Les retraites

Le Figaro - La Cour des Comptes veut remettre à plat la retraite des fonctionnaires

Octobre 2016, par Info santé sécu social

Les efforts engagés depuis 2003 pour faire converger les retraites du public et du privé sont largement insuffisants. Une série d’avantages dont bénéficient toujours les fonctionnaires rend l’équilibre du régime de retraite fragile et non pérenne. La Cour présente différents scénarii, dont un qualifié de « Big Bang ».

Dans un rapport volontariste sur le régime de retraite des fonctionnaires, dix ans après le précédent, la Cour des comptes juge que les réformes engagées depuis 2003 restent insuffisantes. Elle reconnaît que les efforts pour faire converger les régimes de retraite du public avec le privé sont réels, notamment sur les âges de départ et le taux de remplacement des pensions par rapport aux rémunérations d’activité. Mais la Cour juge cette convergence « partielle et fragile ». Résultat, les sages de la rue Cambon estiment qu’en termes de soutenabilité financière des régimes, « le point d’équilibre apparent n’est pas durable ». Dit autrement, il sera difficile de payer les pensions publiques dans le futur sans réaliser de nouvelles réformes.

Plusieurs différences majeures subsistent. Primo, les cotisations ne sont toujours pas assises sur la même base. Alors que les salariés du privé cotisent sur la totalité de leur salaire, les fonctionnaires continuent à ne cotiser que sur leur traitement indiciaire, c’est-à-dire sans englober toutes les primes. Un dispositif qui avantage fortement les hauts fonctionnaires pour qui les primes constituent 55% à 60% de la rémunération... mais très peu les enseignants (pour qui les primes ne dépassent pas 11%) ou les professeurs des écoles (5% à 6%).

Le retour à l’équilibre financier n’est pas durable

Secundo, les retraites des fonctionnaires restent calculées sur les six derniers mois de traitement alors que celles des salariés le sont sur les 25 meilleures années. Si cette règle n’implique pas aujourd’hui des taux de remplacement substantiellement différents, elle pourrait contribuer à creuser l’écart dans les années à venir, alerte la Cour. Concernant les avantages familiaux, si certains sont favorables aux fonctionnaires, d’autres non. Tout ne va pas toujours dans le même sens, note la Cour. Enfin, si on entend souvent que le taux maximum de liquidation est de 75% pour les fonctionnaires contre seulement 50% dans le privé, en réalité le différentiel n’est pas de 25% mais beaucoup plus réduit, précise la Cour.

En fait, la vraie différence public/privé se joue surtout avec une catégorie bien particulière de fonctionnaires, la « catégorie active », au nombre de 700.000, qui bénéficient d’avantages spécifiques (policiers, pompiers...). Par exemple, ils partent en moyenne en retraite 4 ans plus tôt.

Du fait de ces avantages spécifiques à certaines catégories et de l’évolution démographique, les régimes de retraite des fonctionnaires vont continuer à peser sur les finances publiques. Le retour à l’équilibre du régime des fonctionnaires de l’État n’est envisageable qu’au prix du maintien d’un taux de contribution élevé, pesant sur les dépenses de l’État. Pour la Fonction publique hospitalière et la Territoriale, il faudra impérativement relever les taux de cotisations, à règles inchangées, pour rester à l’équilibre, prévient la Cour.
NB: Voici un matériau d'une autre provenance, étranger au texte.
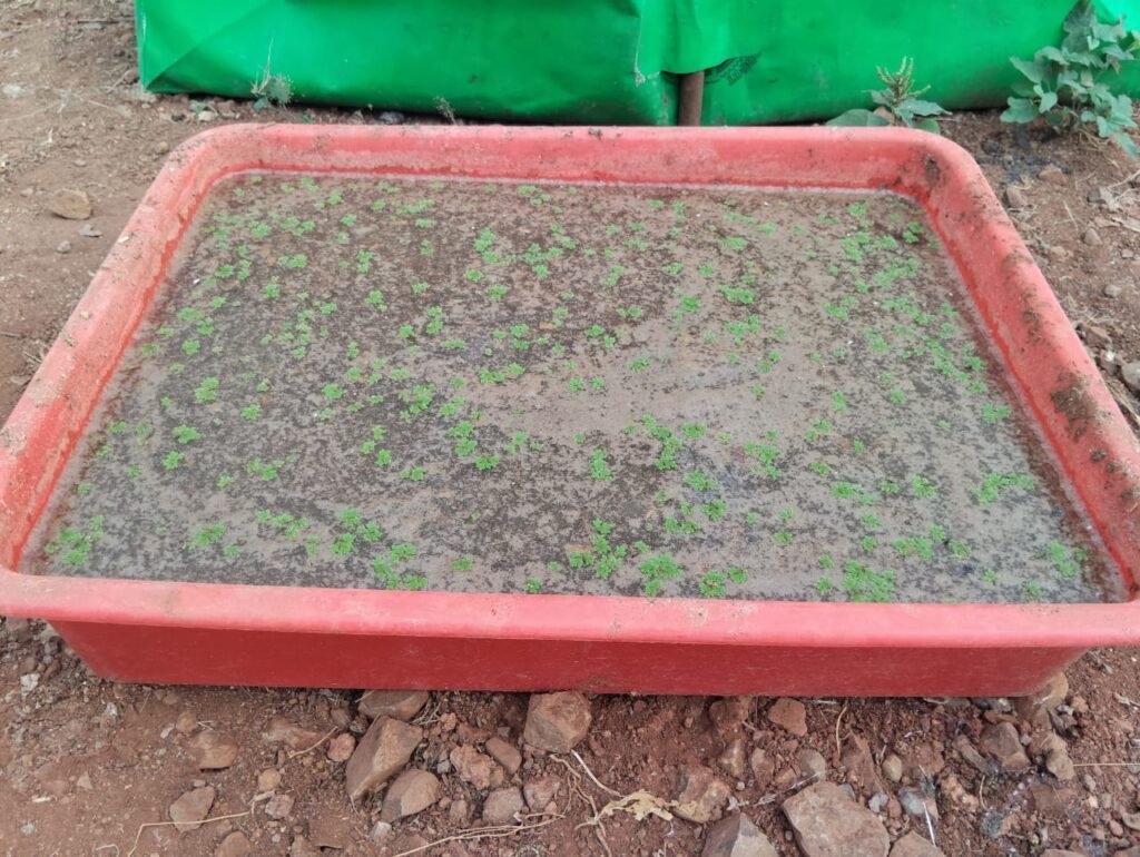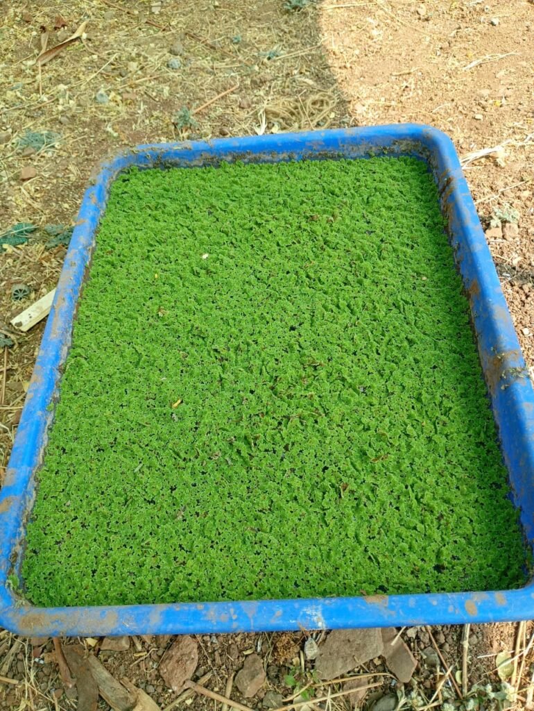 दीक्षित सरांसोबत चर्चा केली त्यात त्यांनी अझोला च्या ट्रायल सुरुवातीला ४ ट्रे मध्ये घ्यायला सांगितली .

Scénario socialement difficilement acceptable

Pour prévenir ces risques, la Cour a envisagé différents scénarii dont le plus radical alignerait le régime des fonctionnaires sur celui des salariés du privé, non seulement pour les nouveaux agents mais également pour les agents en poste. Un vrai Big Bang qui serait, reconnait la Cour, socialement difficilement acceptable, techniquement difficile à mettre en œuvre et ne deviendrait rentable qu’au bout de... 17 ans !

Du coup, la Cour a examiné d’autres évolutions possibles, plus aisées à mettre en œuvre, sans remettre en cause l’existence même des régimes de la fonction publique. Elle identifie ainsi sept leviers en vue d’ajuster progressivement certains paramètres de calcul des pensions des fonctionnaires, comme l’allongement de 5 à 10 ans de la période de référence -ce que François Fillon voulait faire dans la réforme de 2003-, l’élargissement de l’assiette des cotisations et de calcul des pensions par l’intégration d’une partie des primes -ce qui a commencé à être fait dans la réforme de 2003-, la suppression de certaines bonifications, l’évolution de différentes règles relatives aux catégories actives, l’harmonisation progressive des droits familiaux et conjugaux. Enfin, la Cour formule différentes recommandations afin de renforcer la gouvernance des régimes et leur pilotage financier.